2013 was, overall, a positive year for me. My relationships with Ember and Catalyst are both in a better place, and the relationship between the three of us, though still budding, shows lots of promise.
I think of it as us having good synergy. You can match us up in any way (Me and Ember, Me and Catalyst, Ember and Catalyst, Me and Ember and Catalyst) and end up with a connection that is generally positive, and fun, that benefits all involved. This is not to say that we are the best combination of people ever, but just that I think there is inherent good in our bonds.
I’ve been, as usual when I’m around my family, contemplating coming out again. I struggle a lot with figuring out how to defend my choice to be in this relationship configuration, but it also frustrates me that this is something I have to defend. When I think about the things that the three of us struggle with, our most difficult problems are the result of societal norms. It is not our unusual relationships, but simply the fact that they are unusual that causes us stress. When we’re just going about life in our own weird little bubble, we’re remarkably content. There’s the occasional friction that’s not much more intense than the friction in any other close relationship, and we’re becoming pretty good at talking those things out together.
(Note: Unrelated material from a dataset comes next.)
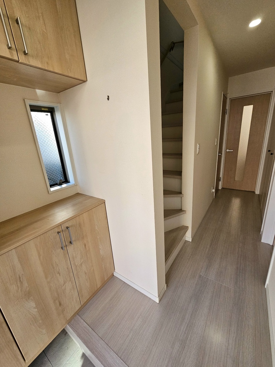 コの字型のシューズボックスは収納力十分。窓が付いていて明るく気持ちの良い玄関まわりとなっています。

The problems that cause us the most distress, center around the lack of social recognition and acceptance that comes along with polyamory.
And so that’s what I remind myself, when I start to wonder if this is all doomed, and if we’re just being naive to think that this could work. When I start to think that this is too complicated and difficult, it’s because I have forgotten that this seems so impossibly hard for the simple reason that we are not doing what society expects us to do. Yes there’s things like us living in different cities, but we know how to fix that.
In coming out, I won’t get what I really want. What I really want is for my family to embrace Catalyst and Ember. For them to be happy to see them, to be glad that I have two men who love, adore, respect and support me. Two men who constantly challenge me to be better, but are there to comfort me when I don’t succeed. I want my family to ask how they’re doing, to tell me they hope they’ll be coming along to the next family gathering. I want my family to consider them family, because that’s what they are to me.
What will really happen when I come out? I’m not sure. I know that first there will be disapproval, and lectures and pleas to reconsider. But what comes after that? Will something else come after that? But I don’t think I can keep living like this, delicately keeping such significant parts of my life separate from each other.
I don’t want to choose between my loves and my family, and I hope that 2014 is not the year I have to make that choice. I hope that no year is.